The Office of Personnel Management is objecting to a report from federal auditors that its cybersecurity practices are lacking, and says the auditors held back on providing the agency with critical information.
The report, issued on Tuesday by the nonpartisan Government Accountability Office, found the agency’s systems lacked appropriate access control. OPM responded in a statement later in the day, saying the GAO had withheld information about its assessment of OPM’s “boundary protection” and “authorization” vulnerabilities.
“While OPM and GAO are in agreement on most of their recommendations, we continue to disagree with GAO’s security control assessments recommendation,” agency spokesman Samuel Schumach, said in a statement. He added that GAO had either failed to conduct or refused to provide OPM with analysis detailing the alleged weaknesses.
The vulnerabilities in question refer to the agency’s ability to fend off intrusions from outside attackers, as well as authorization restrictions in place to prevent insiders from inflicting serious damage. Schumach said the audit failed to account for improvements the agency had made since October of last year, including a cybersecurity monitoring system and its employees’ use of multifactor authentication.
“Over the past year, OPM has taken significant steps to enhance its cybersecurity posture, protect individuals who had their data stolen in the incidents last summer, and reestablish confidence in its ability to deliver on OPM’s core missions,” Schumach said.

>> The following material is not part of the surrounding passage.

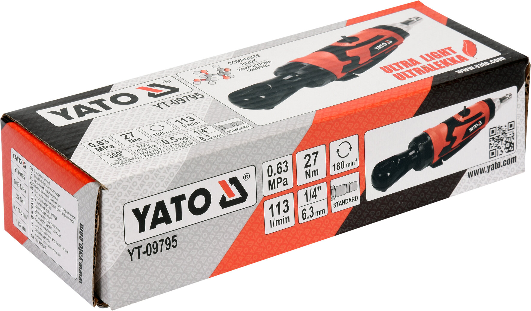Купить YATO Пневмотрещотка 1/4" 27 Nm 0,63 MPa 113 I/min YT-09795

Related Story: http://www.washingtonexaminer.com/article/2583869
The agency has been working to improve its cybersecurity posture following last year’s discovery that it had been breached by hackers linked to China. The hack resulted in the theft of information on more than 22 million people in the agency’s system, and the resignation of both its director and chief information officer.
The GAO report found that state-backed hackers were the most common source of attacks on government systems, and that malicious emails were the most common method of breaking in. Those findings were consistent with the OPM hack, which is thought to have originated in malicious email initially delivered to a contractor.
In addition to the OPM, the GAO also audited the Nuclear Regulatory Commission, the Department of Veterans Affairs, and NASA. Those agencies said they had no comment beyond their concurring responses included in the GAO report.